SDXL extension & fine-tune model guide
The SDXL ecosystem is large: a base model, an optional refiner, dozens of community fine-tunes, and a stack of adapters like ControlNet, IP-Adapter, and LoRAs. Picking the right combination is the difference between fighting the model and getting clean results on the first batch. This guide maps your desired output style and use case to a concrete, compatible stack.
How it works
The tool holds a small knowledge base of the most widely used SDXL checkpoints and adapters and how they perform across styles. You select an output style and a use case, and it returns a recommended checkpoint, a note on whether the refiner is worth running, and the adapters that matter for that workflow. Because all SDXL fine-tunes share the base architecture, adapters are interchangeable as long as you match the SDXL version — so the guide focuses on which checkpoint sets the look and which adapters give you control.
The SDXL base and refiner roles
The original SDXL release shipped as a two-model pipeline. The base model (SDXL 1.0) does the main generation work: it denoise from pure noise to a rough but coherent image at latent resolution. The refiner is a smaller, separate model that takes the output of the base through the final denoising steps, polishing edges, recovering fine texture, and sharpening details that the base produces softly.
The two-stage pipeline produces good results but adds VRAM and generation time. The community responded by training fine-tunes designed to finish cleanly in a single pass without the refiner. Models like Juggernaut XL, RealVisXL, and DreamShaper XL incorporate the refinement capability into the checkpoint itself, which is why single-pass generation with a fine-tune typically equals or beats a base+refiner run — faster and with one fewer model to load.

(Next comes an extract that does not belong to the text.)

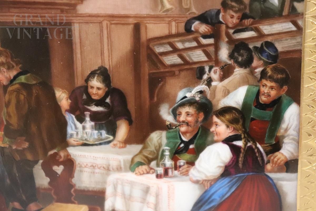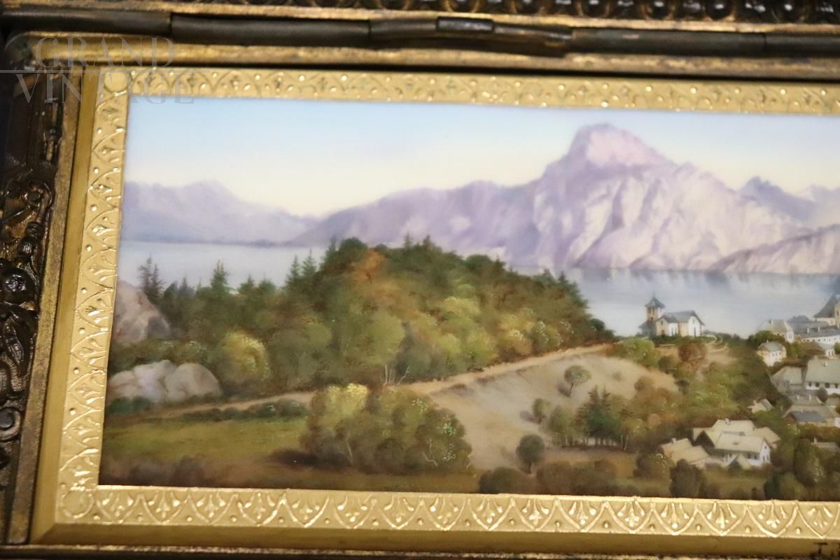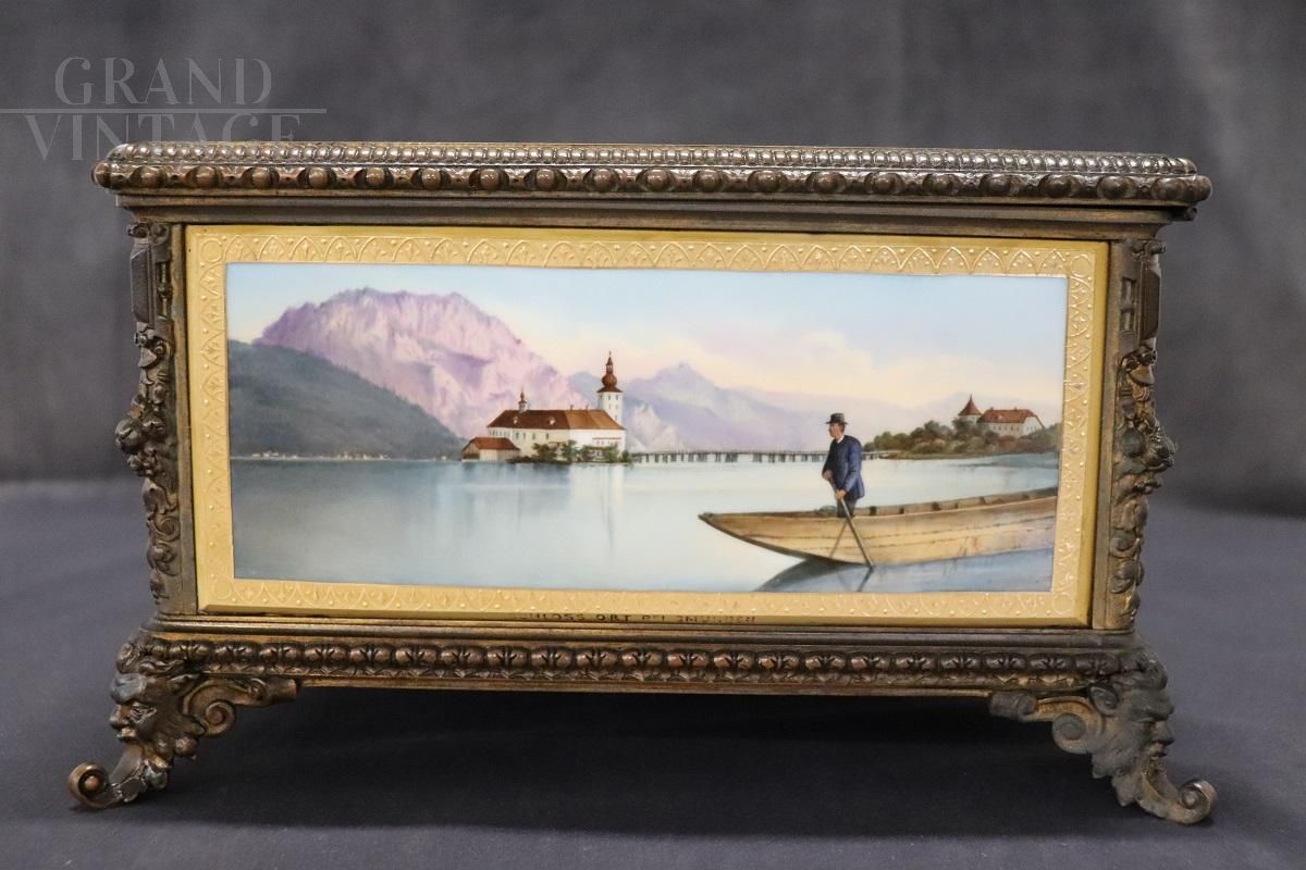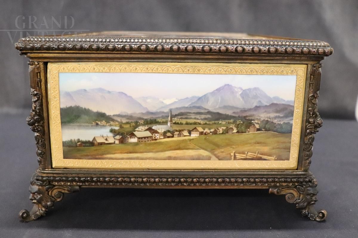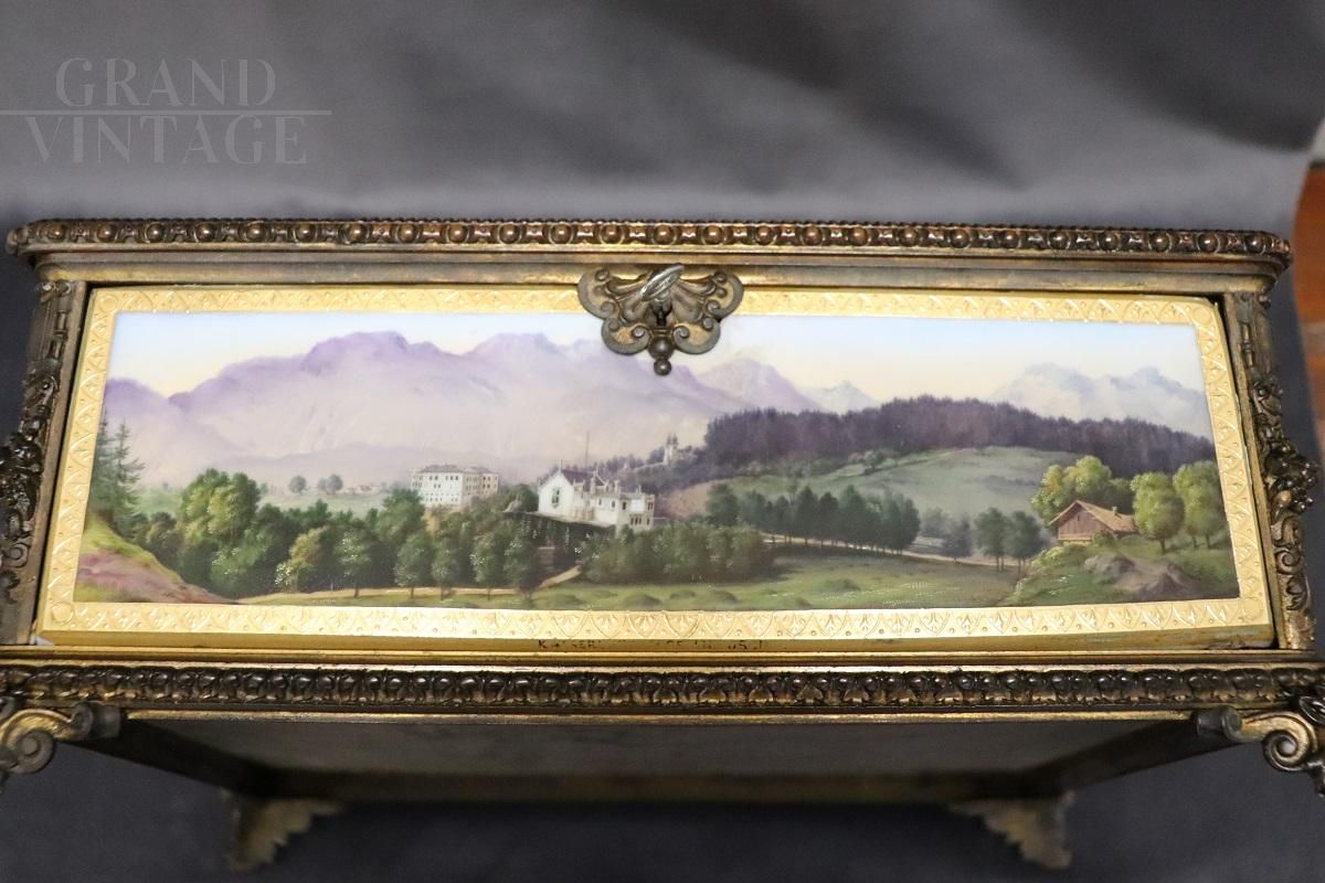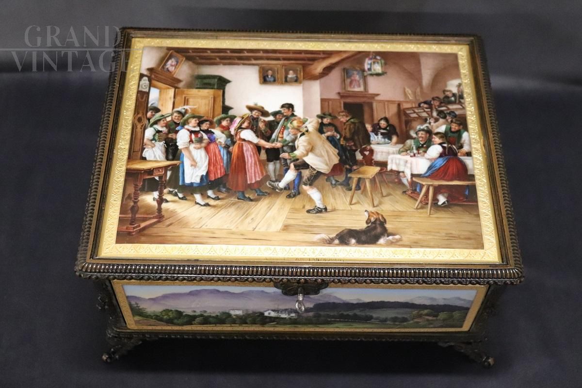 This finely decorated antique rectangular jewelery box, produced by the German porcelain manufacturer KPM, around 1870, is truly rare. The KPM brand is engraved on the inside. Made with a finely chiseled bronze structure that has acquired a beautiful antique patina. Each side of this jewelry box is a true work of art with hand-painted porcelain. On the lid we find an animated scene inside a tavern with many characters, the scene is taken from a painting by the German artist Franz Von Defregger "Ball auf der Alm". Each side is finely hand-painted with beautiful Austrian landscapes, under which an inscription identifies the location. This casket is a perfect example of the high artistic quality achieved by the KPM porcelain manufacturer.

Adapter compatibility across fine-tunes
All SDXL fine-tunes share the same underlying architecture and latent space as SDXL 1.0. This means adapters trained for SDXL 1.0 work across fine-tunes without modification. The adapters to know:
ControlNet XL — adds structural guidance from a depth map, edge detection, pose skeleton, or other conditioning image. Use it when you need to reproduce a specific composition, pose, or scene layout without prompt-guessing.
IP-Adapter XL — transfers the visual style, colour palette, or subject appearance from a reference image into the generated output. Particularly useful for character consistency across multiple generations or for matching a specific aesthetic reference.
LoRAs for SDXL — fine-tune slices trained on specific characters, artists, styles, or objects. Plug in with <lora:name:strength> syntax. LoRAs trained for SD 1.5 are not compatible — the architecture differs at a fundamental level.
Notes on the SDXL stack
- Base + refiner is the original two-model pipeline. It still works, but most fine-tunes are tuned to finish in one pass, making the refiner optional.
- RealVisXL leans photoreal, Juggernaut XL is a strong all-rounder, and DreamShaper XL balances realism with illustrative flexibility.
- Adapters add control, not style. ControlNet locks pose and structure, IP-Adapter transfers a reference look, and LoRAs inject specific subjects.
- Match the SDXL version when downloading adapters and LoRAs — 1.0-trained files work across 1.0 fine-tunes, but mismatched versions degrade output.
- The base SDXL resolution is 1024×1024. Many fine-tunes support other native aspect ratios (1216×832 for widescreen, 832×1216 for portrait) — check the model card for the recommended resolution before generating.